"Hey Wally" — hands-free wake word and how it works
When you enable hands-free mode (Settings → Wally → Voice → "Hands-free 'Hey Wally'"), the browser listens for the phrase "Hey Wally" using your device's built-in speech recognition. Saying the phrase opens the Wally modal and starts recording your follow-up question without you touching anything.
How it works:
• The wake-word pass uses the browser's local Web Speech API — it never leaves your device, costs nothing, and works offline.
• Only after you say "Hey Wally" does Turtini start recording the actual question.

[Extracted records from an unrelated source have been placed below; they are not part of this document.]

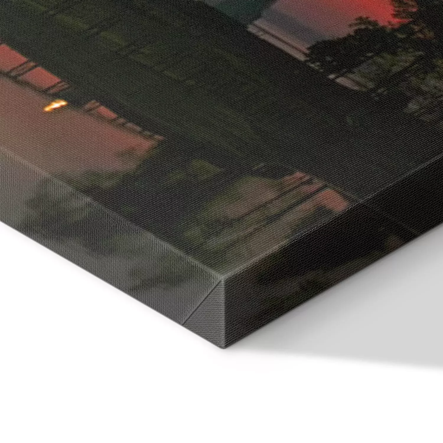 De print wordt aangebracht op hoogwaardig canvas dat op een schildersweefgetouw (spieraam) wordt gespannen. Omdat de print de zijranden bedekt, hoeft het ontwerp niet met een extra kader te worden omlijst. Wij raden ook composities aan die uit meerdere foto's bestaan en zo een coherente compositie vormen.
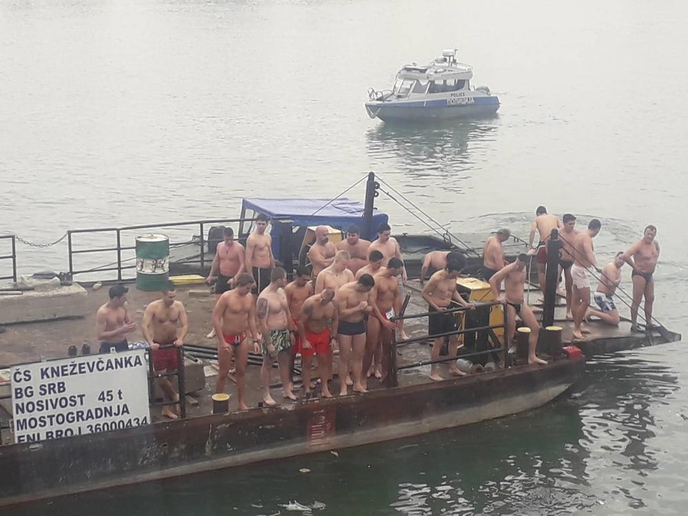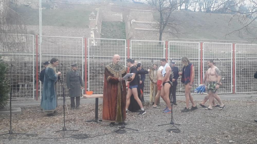 ONI SU DANAS PLIVALI ZA ČASNI KRST: VITEZOVI skočili u LEDENU reku podno Kalemegdana (FOTO)
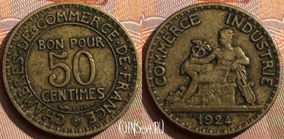 Франция 50 сантимов 1924 года, KM# 884, 383s-096
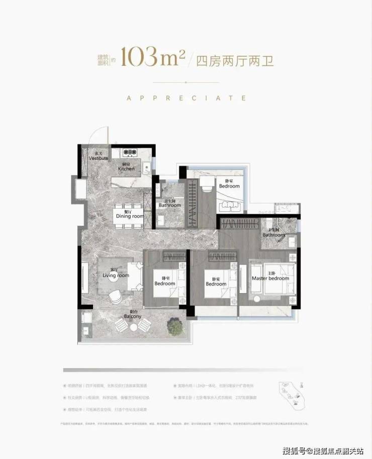 注:得房率=套内使用面积÷建筑面积。传统住宅得房率约75%-85%,本项目通过优化公摊、阳台飘窗可改造等设计,实现“买103㎡得120㎡”的实用奇迹。
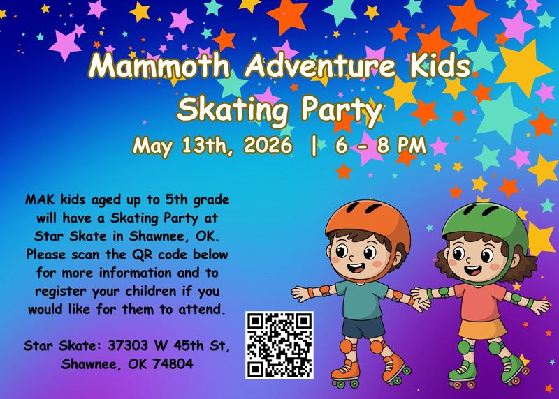 On Wednesday, May 13th, 2026, from 6:00-8:00PM, Mammoth Kids aged up to 5th grade will have a Skating Party at Star Skate in Shawnee, OK. Please register your children below if you would like for them to attend.
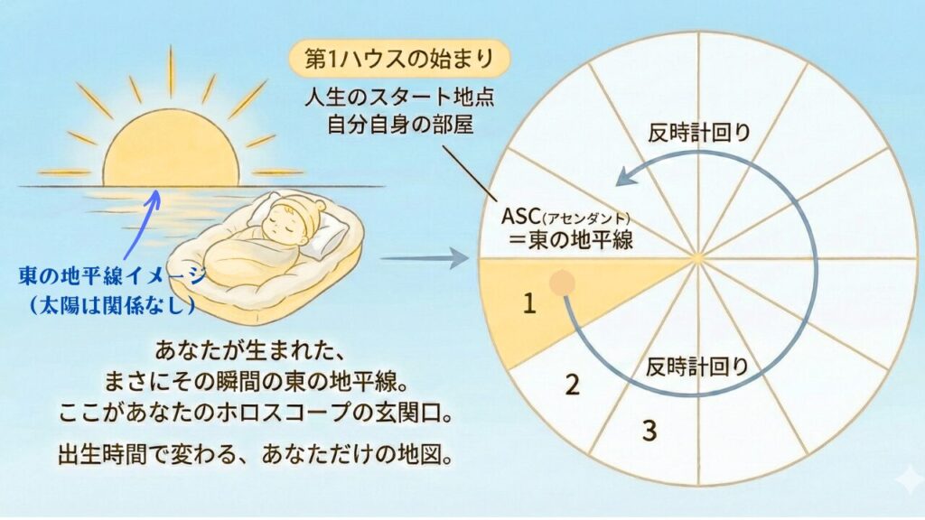 ホロスコープでは、東の地平線(ASC=アセンダント)を起点として1ハウスが始まります。

• The recorded question is sent to a managed speech-to-text service (Google Cloud STT V2, "long" model) for transcription. That call is metered and rolls into your org's monthly platform usage at our standard +15% pass-through.
Privacy:
• Your microphone indicator (the dot at the top of macOS / iOS, or in the Chrome address bar) lights up only while the browser is actively listening.
• When you close the modal, listening stops and the indicator turns off.

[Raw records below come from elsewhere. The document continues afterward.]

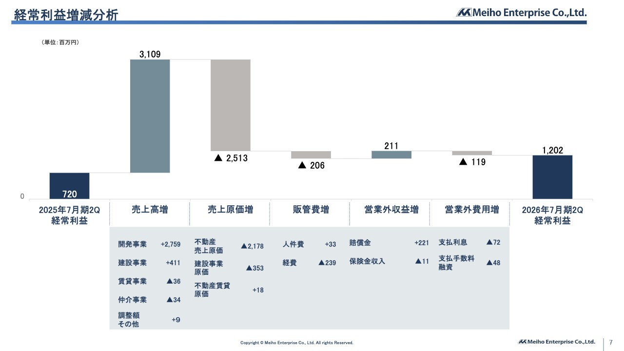 経常利益の増減分析です。引渡し棟数の増加に伴い、売上高および売上原価が増加した結果、第2四半期の経常利益は12億200万円となりました。
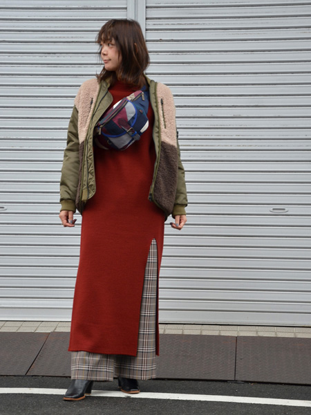 暗くなりがちな冬コーデですが、アウターに色物って華やかになっていいですね^^
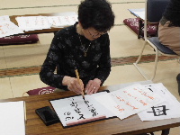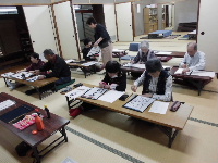 皆様真剣に筆を走らせ「できた~。習字なんて何十年ぶりよ」
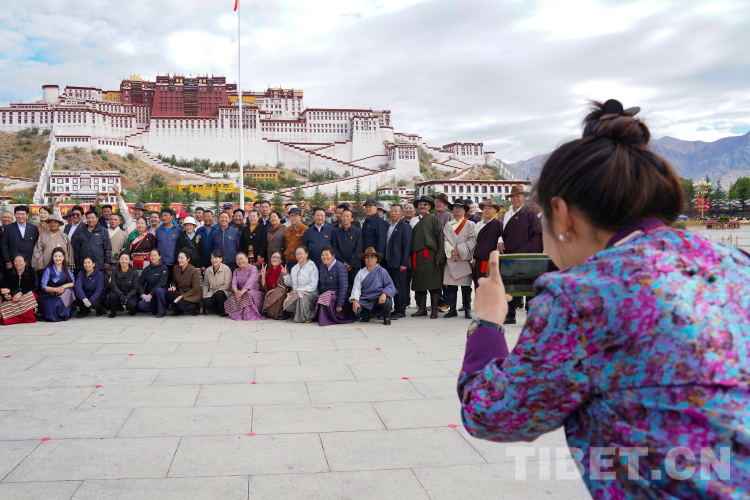 圖為升旗儀式結束后各族群眾在布達拉宮廣場前合影。 攝影:王淑
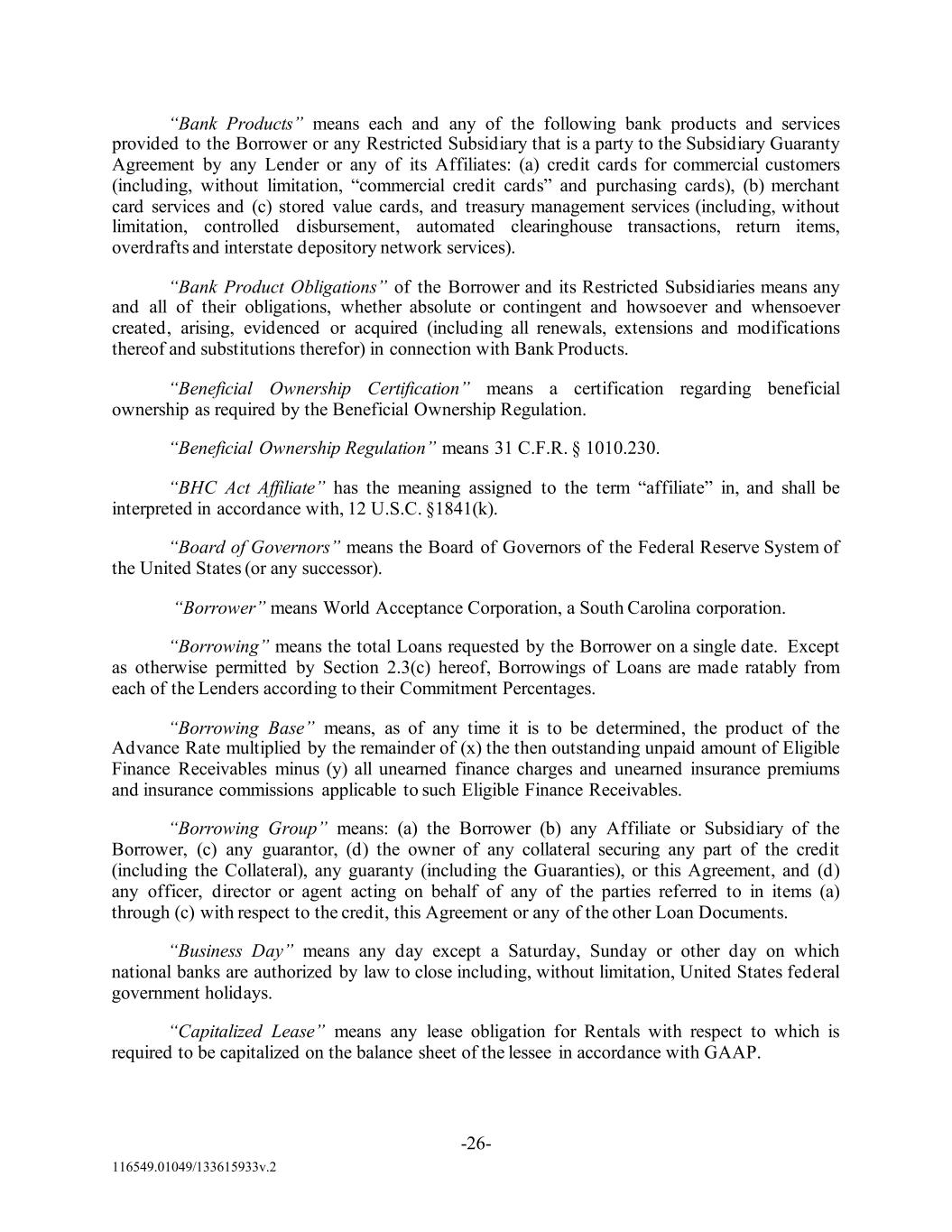 -26- 116549.01049/133615933v.2 “Bank Products” means each and any of the following bank products and services provided to the Borrower or any Restricted Subsidiary that is a party to the Subsidiary Guaranty Agreement by any Lender or any of its Affiliates: (a) credit cards for commercial customers (including, without limitation, “commercial credit cards” and purchasing cards), (b) merchant card services and (c) stored value cards, and treasury management services (including, without limitation, controlled disbursement, automated clearinghouse transactions, return items, overdrafts and interstate depository network services). “Bank Product Obligations” of the Borrower and its Restricted Subsidiaries means any and all of their obligations, whether absolute or contingent and howsoever and whensoever created, arising, evidenced or acquired (including all renewals, extensions and modifications thereof and substitutions therefor) in connection with Bank Products. “Beneficial Ownership Certification” means a certification regarding beneficial ownership as required by the Beneficial Ownership Regulation. “Beneficial Ownership Regulation” means 31 C.F.R. § 1010.230. “BHC Act Affiliate” has the meaning assigned to the term “affiliate” in, and shall be interpreted in accordance with, 12 U.S.C. §1841(k). “Board of Governors” means the Board of Governors of the Federal Reserve System of the United States (or any successor). “Borrower” means World Acceptance Corporation, a South Carolina corporation. “Borrowing” means the total Loans requested by the Borrower on a single date. Except as otherwise permitted by Section 2.3(c) hereof, Borrowings of Loans are made ratably from each of the Lenders according to their Commitment Percentages. “Borrowing Base” means, as of any time it is to be determined, the product of the Advance Rate multiplied by the remainder of (x) the then outstanding unpaid amount of Eligible Finance Receivables minus (y) all unearned finance charges and unearned insurance premiums and insurance commissions applicable to such Eligible Finance Receivables. “Borrowing Group” means: (a) the Borrower (b) any Affiliate or Subsidiary of the Borrower, (c) any guarantor, (d) the owner of any collateral securing any part of the credit (including the Collateral), any guaranty (including the Guaranties), or this Agreement, and (d) any officer, director or agent acting on behalf of any of the parties referred to in items (a) through (c) with respect to the credit, this Agreement or any of the other Loan Documents. “Business Day” means any day except a Saturday, Sunday or other day on which national banks are authorized by law to close including, without limitation, United States federal government holidays. “Capitalized Lease” means any lease obligation for Rentals with respect to which is required to be capitalized on the balance sheet of the lessee in accordance with GAAP.
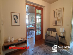 Perpignan, proche universités, au 1er étage d'une maison 3 faces en R+2, au calme d' une impasse, bel appartement type T4 d'environ 100m2 habitables + dépendances au rez de chaussée de plus de 40m2. Cet appartement est composé d'une belle entrée, un séjour/salon de 35m2 environ, 3 belles chambres avec placards, cuisine indépendante de plus de 12m2, une salle de bain et un wc séparé. Au rez de chaussée, un couloir/dégagement dessert une chambre, un grand bureau, une salle archives, un wc avec point d'eau + un débarras sous-escalier. Un garage avec porte motorisée + arrière garage (18m2+6m2) ainsi qu'un jardin commun de plus de 190m2 complétent ce bien. Les ouvertures sont en bois simple vitrage et volets bois. Le chauffage est assuré par une chaudière fioul , le séjour, une chambre et bureau rez de chaussée disposent d'une climatisation. Les sols sont en parquet, carrelage et moquette. Les dépendances du rez de chaussée peuvent rester des pièces annexes ( bureau,cave,buanderie, rangement...) ou devenir des bureaux sans travaux, profession libérale ou logement indépendant après travaux. Un système d'alarme est déjà en place. Ce bien est en copropriété sans syndic et sans charges. Construction traditionnelle des années 70 à proximité des commerces, écoles, services publics et transports.
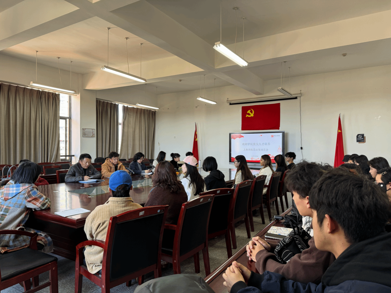 杨军院长发言,对学生们寄予厚望,希望他们学有所获、满载归来,并代表学院为本次拔尖人才班上海训练营授予班旗。此次训练营由戏文系王泽君副教授、姚又僮老师、赵凌立老师三位全程带队前往上海。其间,戏剧学院党政班子会前去出席相关活动环节。

• If you stop hands-free mode, no further audio is captured by anyone — local or remote.
Battery and CPU:
• Hands-free mode is light on local resources (the browser does this efficiently for accessibility users), but it's not zero. On a laptop you'll notice it for a few percent CPU when actively listening.
• On phones, we recommend turning it on only when you're actually working in the app.
Browser support: works in Chrome, Edge, and Safari (recent versions). Firefox does not yet expose the wake-word API; in Firefox you'll see the "press to speak" mic button instead.